Where Europe Ends and Asia Begins
The Ural Mountains rise like a long, narrow spine across western Russia, forming the traditional natural divide between Europe and Asia. The boundary doesn’t stop at the mountains, though. South of the Urals, the continental line follows the Ural River down to the Caspian Sea. From the northern shore of the Caspian, it cuts westward across the flat Kuma-Manych Depression to the Sea of Azov.
That southern segment is where things get debatable. Some cartographers draw the line differently, running it south through the Caspian to Azerbaijan and then along the southern flanks of the Caucasus Mountains through Georgia to the Black Sea. The Ural Mountains portion, however, is universally accepted as the dividing line.
What Asian Russia Actually Includes
Asian Russia is broadly divided into two vast regions: Siberia and the Russian Far East. Administratively, Russia organizes its territory into federal districts, and several of these fall partly or entirely within Asia.
The Siberian Federal District covers the central band of Asian Russia, including major population centers like Novosibirsk, Krasnoyarsk, and Omsk. The Far Eastern Federal District stretches from Lake Baikal to the Pacific Ocean and encompasses eleven constituent regions, including the Republic of Sakha (Yakutia), the largest subnational division in the world. Its capital is Khabarovsk. The district also includes Kamchatka, Sakhalin Island, and the Chukotka Autonomous Area, which sits directly across the Bering Strait from Alaska.
The Urals Federal District straddles the boundary itself. Cities like Yekaterinburg sit right on or just east of the Ural divide, placing them technically in Asia despite feeling culturally European.
A Vast Land With Few People
The population imbalance between European and Asian Russia is striking. Around three-quarters of Russia’s roughly 144 million people live on the European side, which occupies less than a quarter of the country’s land. Asian Russia, despite being three times larger, is home to only about 30 to 35 million people. Much of Siberia and the Far East is extraordinarily sparsely populated, with entire regions averaging fewer than one person per square kilometer.

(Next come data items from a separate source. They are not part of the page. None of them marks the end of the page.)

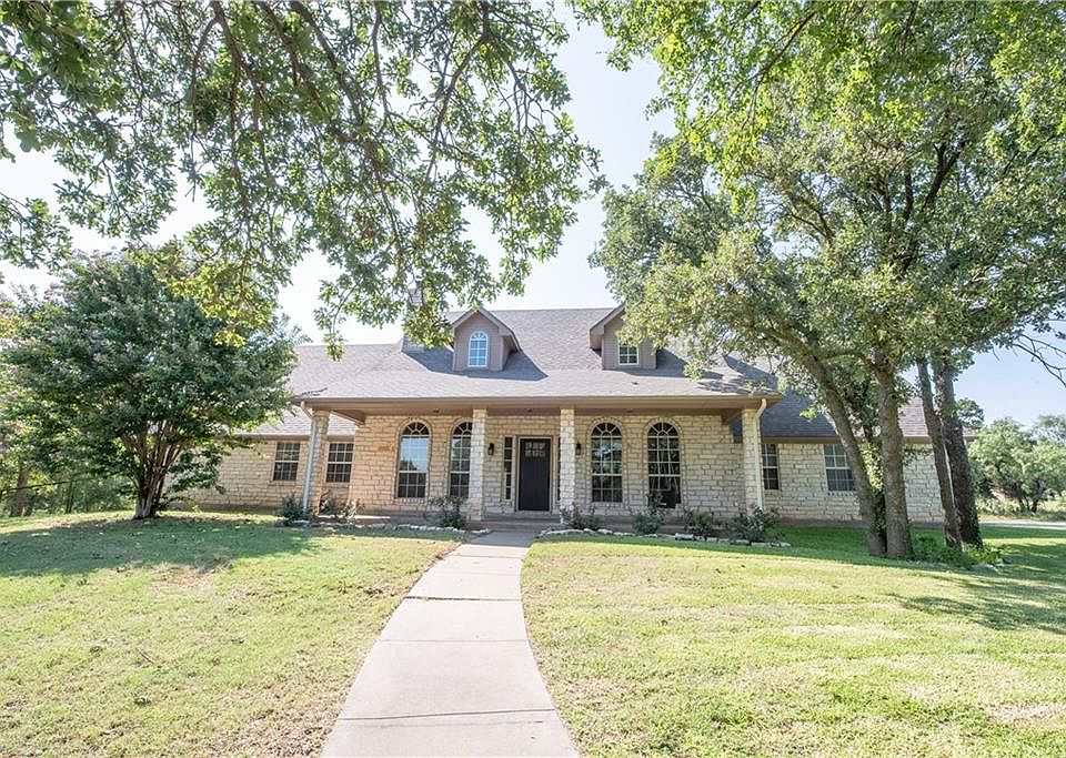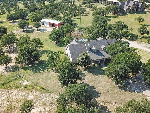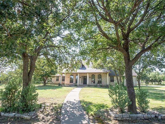 Hard to find 6.4 acres in highly sought after Brock ISD. No HOA, horses welcome! Through the automatic gate follow the road to a custom built stone home set back off the road and surrounded by shade trees. The kitchen boasts a huge walk in pantry, lots of storage and open concept into the living and dining room. The 2nd living room could easily be used as an office, game room or 4th bedroom complete with closet. The back yard is an entertainers dream with a pool, hot tub and a very large covered patio perfect for summer days. Enjoy the 24x74 shop with electric and plumbing for all of your storage needs. Brand new roof and currently Ag Exempt. Easy commute 3 miles from I-20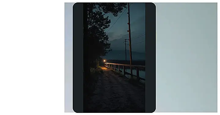 Imagine this: you’re sneaking out for a late-night adventure, but instead of mischief, you’re armed with a camera to capture the magic of nature at night. This photo is like a scene straight out of a fairytale – a mysterious path leading to a still lake under a twilight sky. That little lamp looks like a friendly fairy guiding your way, showing off the beauty of the trees and the peaceful water, proving that nighttime nature can be just as stunning as daytime nature. It’s a reminder that sometimes the best adventures happen when it’s dark and quiet!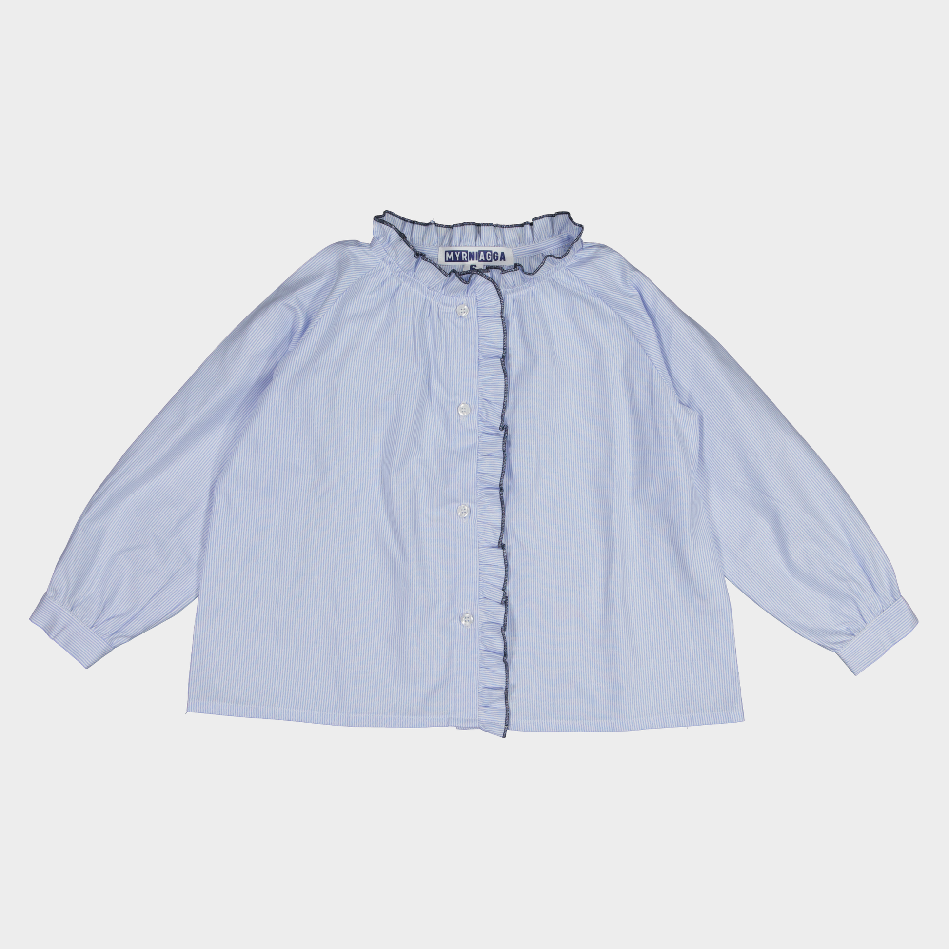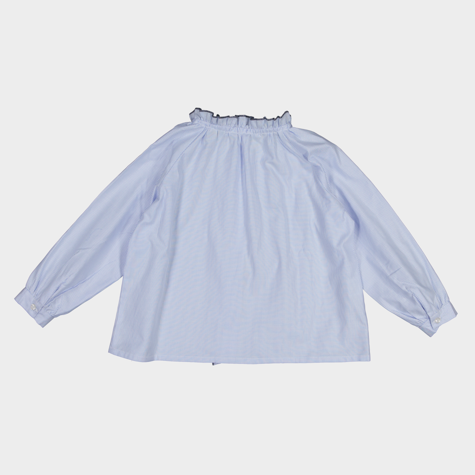 Blusa celeste de rayas.Cuello redondo con mini volante.Mangas largas con abertura en puños.Abotonada en delantero con mini volante en tapeta.Festón a contraste.Confortable.

The major cities in Asian Russia are concentrated along the southern strip, near railways and warmer climates. Novosibirsk, Russia’s third-largest city, is the unofficial capital of Siberia. Krasnoyarsk, Omsk, and Vladivostok (the major Pacific port near the borders of China and North Korea) are other significant urban centers. North of this corridor, settlements thin out dramatically into tundra and taiga.
Eight Time Zones Wide
Russia spans 11 time zones in total, and Asian Russia accounts for eight of them. The westernmost Asian zone, Yekaterinburg Time, runs five hours ahead of UTC and covers regions just east of the Urals with about 20.6 million people. From there, each zone steps forward by an hour as you move east: Omsk Time, Krasnoyarsk Time, Irkutsk Time, Yakutsk Time, Vladivostok Time, Magadan Time, and finally Kamchatka Time at UTC+12, a full ten hours ahead of Moscow.
When it’s noon in Moscow, it’s already 9 p.m. in Kamchatka. The Kamchatka and Chukotka time zone covers fewer than 340,000 people, while Krasnoyarsk Time, in the middle of Siberia, serves over 12 million. This range captures the paradox of Asian Russia: geographically enormous, but with population clusters separated by vast stretches of near-emptiness.
Why Russia Is Considered European
Despite most of its territory sitting in Asia, Russia is typically grouped with Europe politically and culturally. The country’s capital, its largest cities, and the bulk of its population are all on the European side. Russian expansion into Asia happened gradually over several centuries, pushing eastward from the Urals to the Pacific by the mid-1600s. The historic core of Russian civilization, its political institutions, and most of its economic output remain rooted in the European portion.
That said, Asian Russia holds enormous strategic and economic importance. Siberia and the Far East contain vast reserves of oil, natural gas, timber, diamonds, and other minerals. Much of Russia’s energy production comes from wells and fields in western Siberia, making this “empty” part of the country the engine behind a significant share of government revenue. The region is geographically Asian, economically critical, and culturally a blend of Russian, Indigenous Siberian, and East Asian influences that defies a simple continental label.